1. Project background
In the Python instant web crawler Project Launch Note We discuss a number: Programmers waste time on debugging content extraction rules, so we launch this project, freeing programmers from cumbersome debugging rules into higher-end data-processing work.
2. The solution
To solve this problem, we isolate the extractor which affects generality and efficiency, and describe the following data processing flowchart:
The "Pluggable Extractor" in the diagram must be highly modular, and the key interfaces are:
- Standardized input: A standard HTML DOM object for input
- Standardized content extraction: Using standard XSLT templates to extract Web content
- Standardized output: Content extracted from a Web page in a standard XML format
- Explicit Extractor Plug Interface: The extractor is a well-defined class that interacts with the Crawler engine module through a class method
3. Extractor code
The pluggable extractor is the core component of the instant web crawler project, defined as a class: Gsextractor
Python source code files and their documentation please download from GitHub
The usage pattern is this:
- Instantiate a Gsextractor object
- Setting the XSLT extractor for this object is equivalent to configuring the object (using three Setxxx () methods).

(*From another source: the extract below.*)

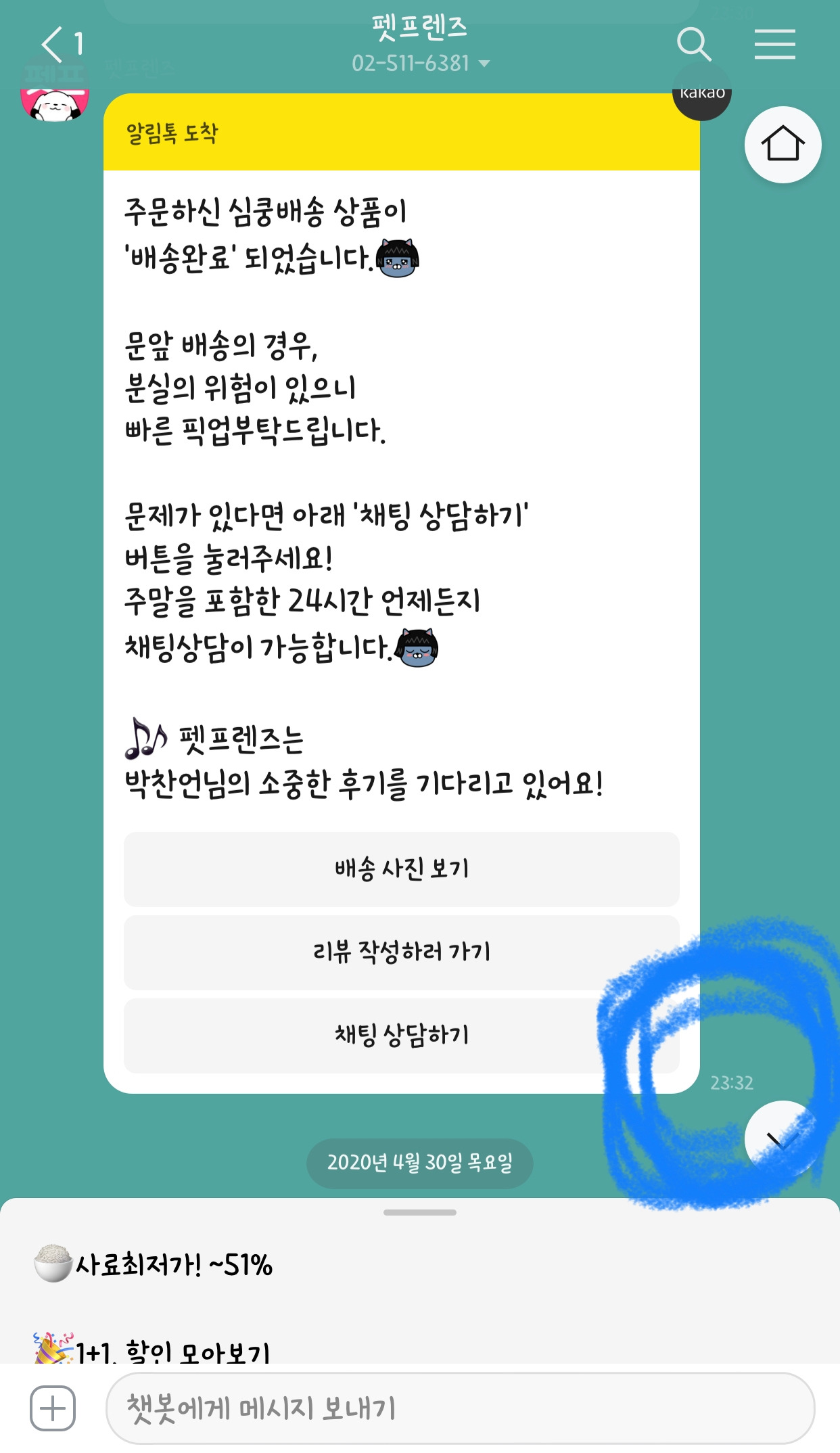 응? 주문한 지 1시간도 채 되지 않는 시간이었는데 배송완료 알림톡이 날아왔습니다. 믿기지 않았습니다. 현관문을 열고 나가보니, 정말 덴탈껌이 도착해 있었습니다. 이 황당한 서비스는 펫프렌즈만의 최대 킬러 포인트라고 생각하는, ‘심쿵배송’ 입니다. 알려진 2시간 이내 배송보다 빠른 1시간 이내 배송이었습니다. 저에게는 큰 충격이었습니다. ‘아니 이게 어떻게 가능하지?’라는 생각에 헤어 나오지 못했습니다. 이후로도 한 달 평균 1.5회 지속적으로 이용해봤지만, 2시간을 넘기는 일이 결코 없었습니다. 대체 이게 어떻게 가능한 것일까요? 쿠팡 로켓배송보다 빠르다니요. 아니, 웬만한 배달음식보다 빨랐습니다.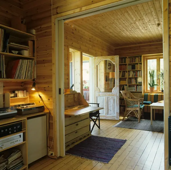 Stue med dør ut til glassveranda i enebolig, Nordstrand, Oslo. Illustrasjonsbilde fra Bonytt 1983.

- Input the HTML DOM to it to get the XML output (using the Extract () method)
Here is the source code for this gsextractor class
#!/usr/bin/python #-*-coding:utf-8-*-# module Name: Gooseeker # class Name: Gsextractor # version:2.0 # Description: HTML content Extractor # Features: Using XSLT as
For templates, quickly extract content from the HTML DOM. # Released by set search (http://www.gooseeker.com) on May, 2016 # github:https://github.com/fullerhua/jisou/core/ gooseeker.py from urllib Import request from Urllib.parse Import quote to lxml import etree import time Class Gsextrac Tor (object): Def _init_ (self): self.xslt = "# Read XSLT def setxsltfromfile from file (self, xsltfilepath): File = O Pen (Xsltfilepath, ' R ', encoding= ' UTF-8 ') try:self.xslt = File.read () finally:file.close () # from String Get XSLT def setxsltfrommem (self, xsltstr): Self.xslt = xsltstr # obtains XSLT def Gooseeker via the Setxsltfromapi API interface (self , Apikey, Theme, Middle=none, bname=none): Apiurl = "http://www.gooseeker.com/api/getextractor?key=" + Apikey + "& Theme= "+quote (theme) if (middle): Apiurl = Apiurl +" &middle= "+quote (middle) if (bname): Apiurl = Apiurl + "; Bname= "+quote (bname) apiconn = Request.urlopen (apiurl) self.xslt = Apiconn.read () # returns the current XSLT def getxslt (self ): Return Self.xslt # Extraction method, the entry parameter is an HTML DOM object, which returns the result Def extract (self, html): Xslt_root = etree. XML (self.xslt) transform = etree.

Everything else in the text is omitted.